Published on Wednesday, 05 December 2018 17:21Background
Akamai researchers have recently published their observations on how a router feature known as Universal Plug and Play (UPnP) was being abused by attackers to conceal traffic, creating a proxy system dubbed as "UPnProxy". UPnProxy can be leveraged to distribute spam, malware and launch DDoS attacks.
Attackers are known to make unauthorised changes to (i) the affected router’s Network Address Translation table, (ii) remap its port forwarding settings to proxy malicious traffic and; (iii) leverage its UPnP feature to enable remote connections to the affected router.
Routers with UPnP services enabled or outdated routers are vulnerable to the attack.
Akamai has detected a list of compromised routers in Singapore. SingCERT will notify these consumers through their respective ISPs
When successfully exploited, attackers could hijack the affected router to proxy their malicious activities. If unaddressed, this could lead to more affected cases.
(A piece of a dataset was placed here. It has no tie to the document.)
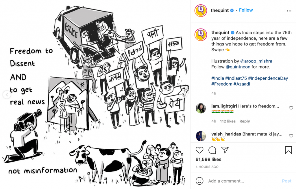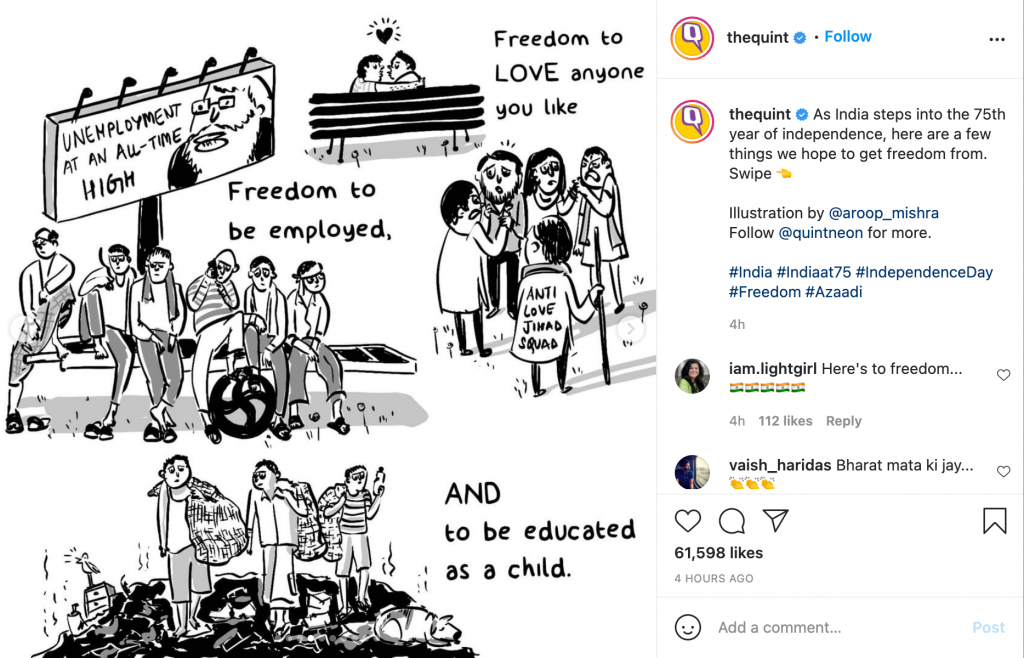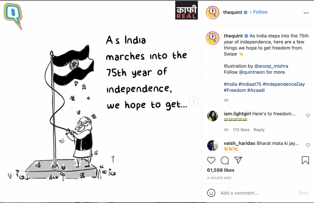 The first slide in the four-part comic shared by The Quint showed a man, likely Prime Minister Modi’s caricature, hoisting the national flag. It said how as India marches into 75th year of Independence, it hopes to get…’

- Reset the router to its original factory settings.
- Disable the UPnP feature on the router.
- Patch the router firmware to the latest available version (if available).
If you need further assistance, please visit the support websites of the respective brands or contact your vendors.
- In addition to the above recommendations, consider raising firewall rules to block off Internet access on TCP port 139 and 445 to the affected router.